Non si tratta di “aziendalizzare” la scuola, perché il ruolo di formazione
delle menti e di uno spirito critico aperto, senza tesi precostituite, è parte
integrante della formazione che serve a muoversi con intelligenza in ambienti
ad alta complessità, come gli attuali. Si tratta invece di collegare le esperienze
scolastiche dei giovani ai problemi reali che investono la società in cui vivono:
problemi produttivi, certo, ma anche di solidarietà, di servizio, di democrazia. E
soprattutto di creatività. Da questo punto di vista, occorrerebbe anche
precostituire le condizioni per attrarre talenti esterni, favorendo in questo modo
la creatività dell’ambiente locale. Le persone creative hanno bisogno di ambienti
creativi, in cui la storia, la cultura, le emozioni, la solidarietà si mescolino in un
mix originale, non banale. E’ la città che deve avere i suoi luoghi creativi, in cui
si possa andare perché si sa di poterci trovare ogni sera nuove idee e nuova
intelligenza. Un progetto di riorganizzazione urbana con questo fine potrebbe
essere avviato o accelerato se già esiste in itinere.
9) RENDERE PIU’ ORIGINALI E COMPLESSI I PRODOTTI
OFFERTI AL MERCATO
Questo punto richiede che un serio investimento, fatto dalle imprese, sul
worldmaking (creazione di mondi), possa dare alle innovazioni introdotte quel
carattere radicale che consente di farle durare nel tempo e di allargarne il
raggio di propagazione.
Su questo punto le imprese possono essere aiutate a sviluppare tutta
una scala di miglioramenti: nella tecnologia, nella qualità intrinseca del
prodotto, nei significati ed esperienze che il suo uso rende possibile, nella
definizione di nuove identità e di nuovi legami.

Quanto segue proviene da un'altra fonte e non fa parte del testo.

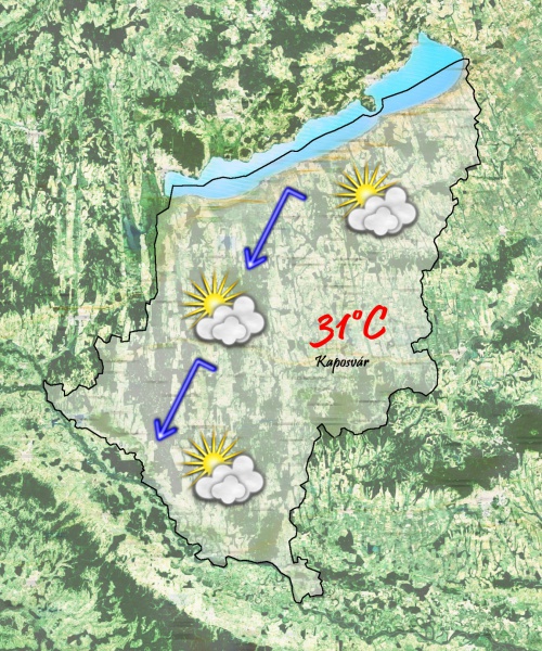 Szerda délután közepesen-erősen felhős lesz az ég. 30 °C-ig melegszik a levegő hőmérséklete. Csapadék néhol előfordulhat kisebb zápor formájában. Mérsékelt, olykor élénk északi szél fog fújni.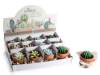 Velas con forma de suculenta en maceta de terracota con bolsa de yute y lazo. Vitrina con 12 unidades.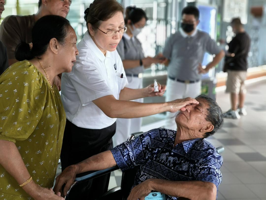 七十七岁的尤金阿秋近两年视力退化,行动困难。他与家人从林梦途经文莱前往美里接受手术,路途遥远却难掩喜悦。抵达后,医疗团队与志工细心安排、耐心说明,让他逐渐安心:“医生很好,大家服务也很好,让人很安心。”对阿秋而言,手术不只是重获视力,更是重新看见生活的开始。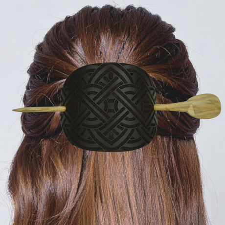 Regular price £3.50Unit priceUnavailableLeather Hair Barrette – Celtic Design on Black Leather with Oak Stick

Il problema serio è che, se queste scelte venissero fatte in modo
impegnativo, finirebbero per scarseggiare: a) i mezzi finanziari; b) le
competenze del capitale umano impiegato.
Per non farsi bloccare da queste due difficoltà, è necessario immaginare
che gli investimenti continuino ad essere distribuiti tra le molte unità della filiera
e che il capitale umano possa crescere grazie agli investimenti personali fatti da
professionisti esterni. Il rafforzamento dei legami tra manifattura e terziario, e
tra piccole e grandi imprese, costituisce la cornice necessaria al
riposizionamento della nostra offerta nella fascia di mercato di maggior valore e
di maggiore complessità.
10)
USARE LE RETI DI IMPRESA COME LEVA
13
MOLTIPLICATIVA DEGLI USI E DEL VALORE
La costruzione di un fitto tessuto di reti formali e informali è la premessa
necessaria per consentire al capitalismo locale di piccola impresa di svolgere il
suo ruolo in condizioni di modernità, ossia con un buon livello di efficienza e di
meccanizzazione.
Tuttavia le reti interessano anche le grandi imprese, come dimostra
l’esperienza in tutti i campi avanzati del sapere. Per vincere lo scetticismo verso
il “lavorare in rete”, più che la predica teorica (contro l’individualismo), serve
l’esempio: bisogna documentare le ragioni e i vantaggi/svantaggi delle
esperienze di rete fatte sin qui e portarle a conoscenza del pubblico locale.